Instructions to follow: Although the listing contains pictures, reproduce only its text, exactly as written.

+++ Raw data +++

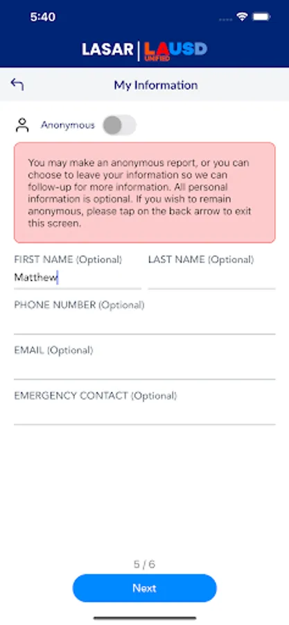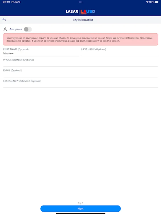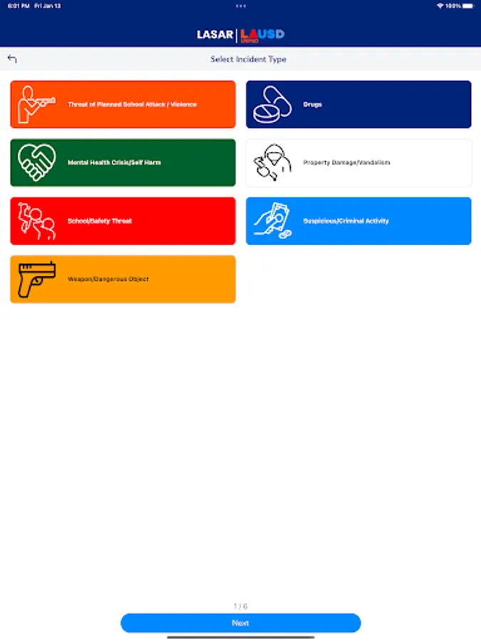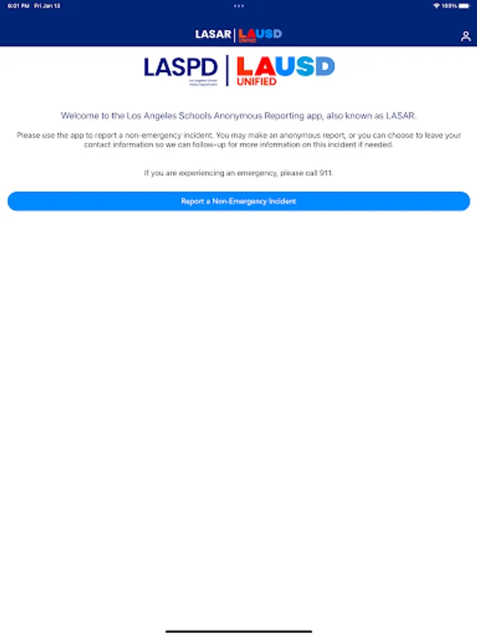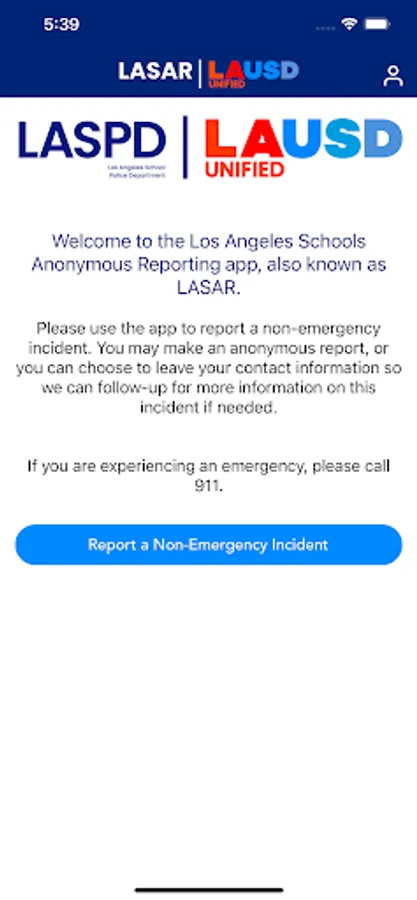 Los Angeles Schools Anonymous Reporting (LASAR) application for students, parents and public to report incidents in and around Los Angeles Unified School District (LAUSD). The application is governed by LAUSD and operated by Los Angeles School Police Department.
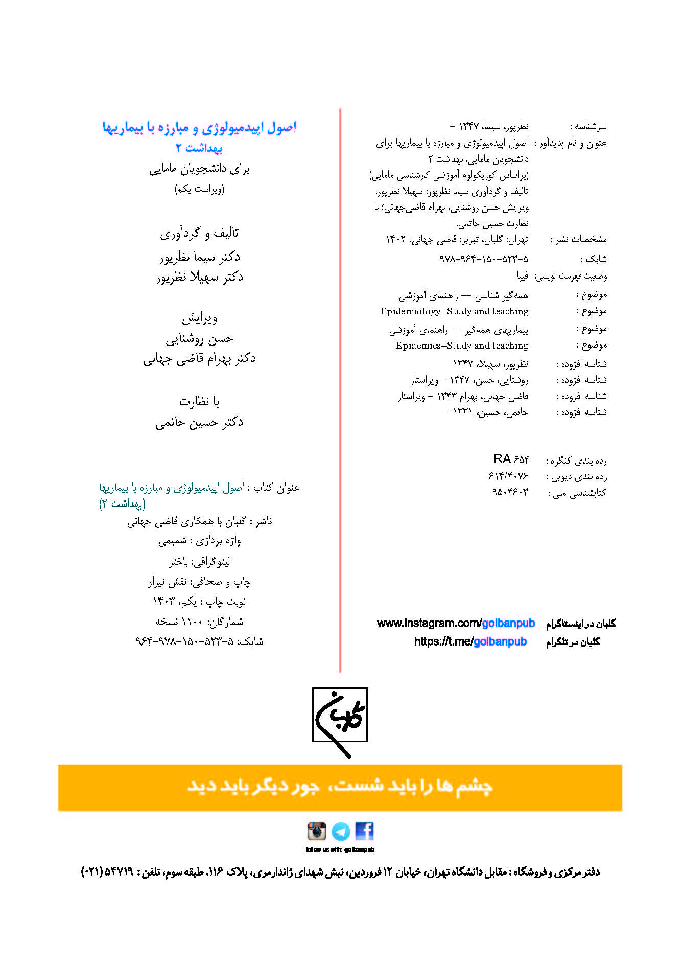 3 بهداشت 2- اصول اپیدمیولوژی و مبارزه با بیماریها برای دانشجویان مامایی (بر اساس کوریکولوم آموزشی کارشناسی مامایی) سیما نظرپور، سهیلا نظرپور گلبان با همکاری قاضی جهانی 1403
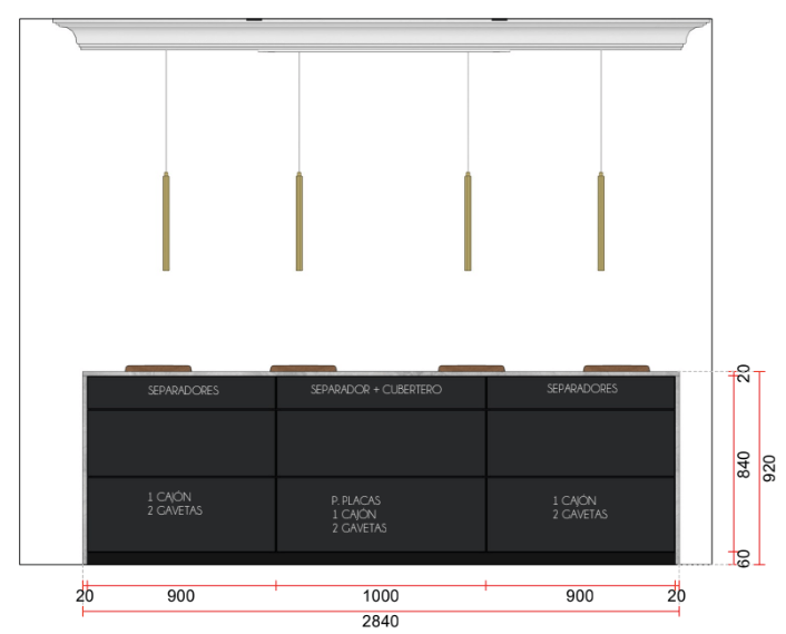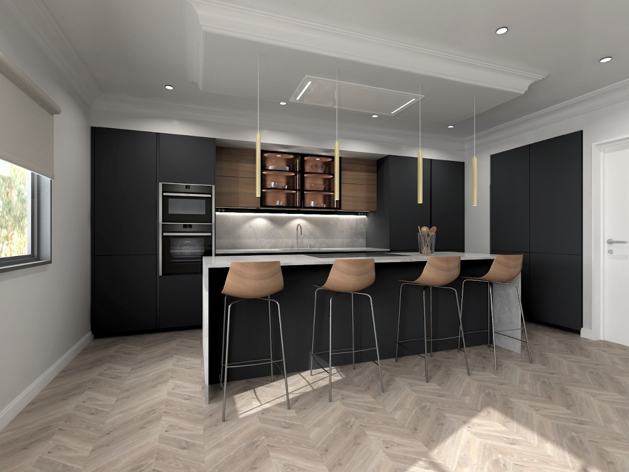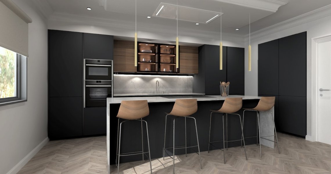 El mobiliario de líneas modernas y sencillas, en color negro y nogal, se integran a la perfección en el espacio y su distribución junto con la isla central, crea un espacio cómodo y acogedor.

+++

Output of the exercise:
 Los Angeles Schools Anonymous Reporting (LASAR) application for students, parents and public to report incidents in and around Los Angeles Unified School District (LAUSD). The application is governed by LAUSD and operated by Los Angeles School Police Department.
 3 بهداشت 2- اصول اپیدمیولوژی و مبارزه با بیماریها برای دانشجویان مامایی (بر اساس کوریکولوم آموزشی کارشناسی مامایی) سیما نظرپور، سهیلا نظرپور گلبان با همکاری قاضی جهانی 1403
 El mobiliario de líneas modernas y sencillas, en color negro y nogal, se integran a la perfección en el espacio y su distribución junto con la isla central, crea un espacio cómodo y acogedor.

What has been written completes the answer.